The macroeconomic environment globally is a major headwind to be honest. Weakening day-after-day as recession fears continue. Demand Softening from higher Inflation (6.5%) and Unemployment (3.5%) is met with cost cuts. The borrowing costs haven’t been this high since 2007. This makes it more expensive for people to buy cars and decrease spending overall. Bad news for Tesla! Guess why the company cut prices on top-sellers, Model 3 and Model Y, up to 20% creating pressure on profitability. U.S. customers can even claim a federal tax credit worth $7,500 in 2023 which should solidify market share dominance in a tough environment. We shall see!

Where’s the Value?

The Top Automakers industry average P/E Ratio (TTM) is 10.1, while Tesla’s is 41.35. That’s expensive! Forward P/E is 27.7x nonetheless. A Drawdown to $89 would imply a P/E Ratio (TTM) of 25.57x. Still at a premium to the market currently at 20.89x and with a healthier growth story. I believe that it will still maintain a premium valuation versus the industry but Musk will have to name a CEO of Twitter, provide accurate guidance on earnings, and hold his promise to not sell anymore stock for the foreseeable future.
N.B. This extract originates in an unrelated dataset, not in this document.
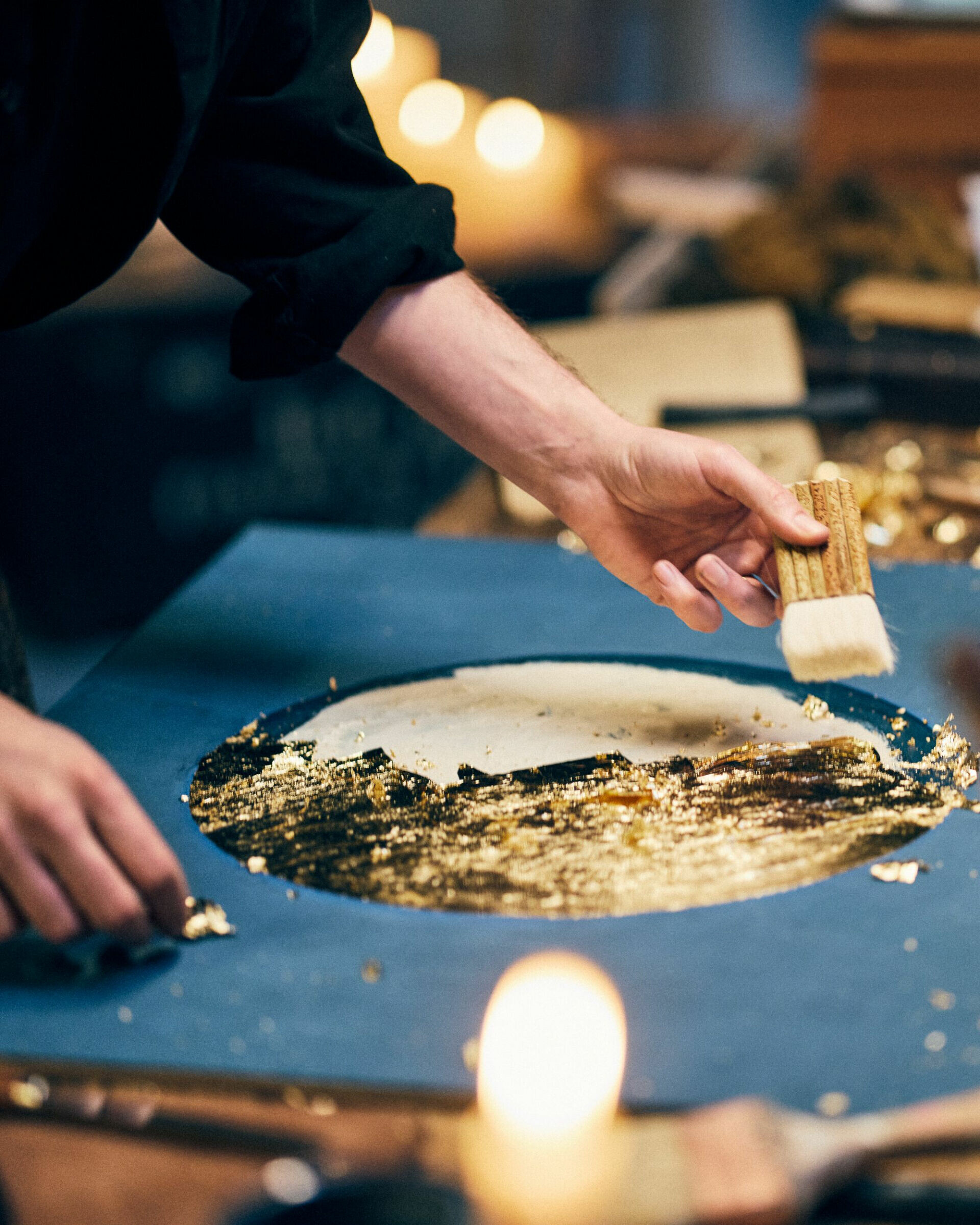 攜手法國藝術家 David Aiu 打造冬日藝術系列《冬至之光》 。自學成材的他,擅長以自然四大元素分別為土、風、水、火為創作靈感,探索生命的矛盾與萬物的循環。David Aiu 的代表作品 Planet Series 以行星象徵生命,並透過木板與金葉呈現自然與宇宙的珍貴。他說:「自然是我創作的根源。我想以金葉重現大自然的美,它不僅是顏色,而是一種金屬,能以不同光線折射生命、希望與光。」這份對自然的敬意,與 Atelier Cologne 「香水藝術,自然匠造」的理念不謀而合。本次系列邀請人們在聖誕假期時放慢步伐,感受自然的律動以及內在的寧靜。

It is important to understand these implications in order to make informed decisions in an ever-changing economic landscape.

Q4 2022 Earnings Reaction

Today, Tesla’s Earnings report released. Announcing record revenue at $24.32 Billion and beat on earnings of $1.19/share. However, automotive gross margins were reported to have come in lower at 25.9%, the lowest figure in the last five quarters. The company forecasting 1.8 Billion Vehicle Deliveries for FY2023 versus 1.3 Billion FY2022. Remember I said Tesla needed to provide accurate guidance? Well, that’s only about 38% growth despite guiding to 50% for the full year. If the company senses demand waning, for reasons we spoke about at the beginning of this article, then that could result in the company cutting guidance further and send the stock lower. Buyer beware!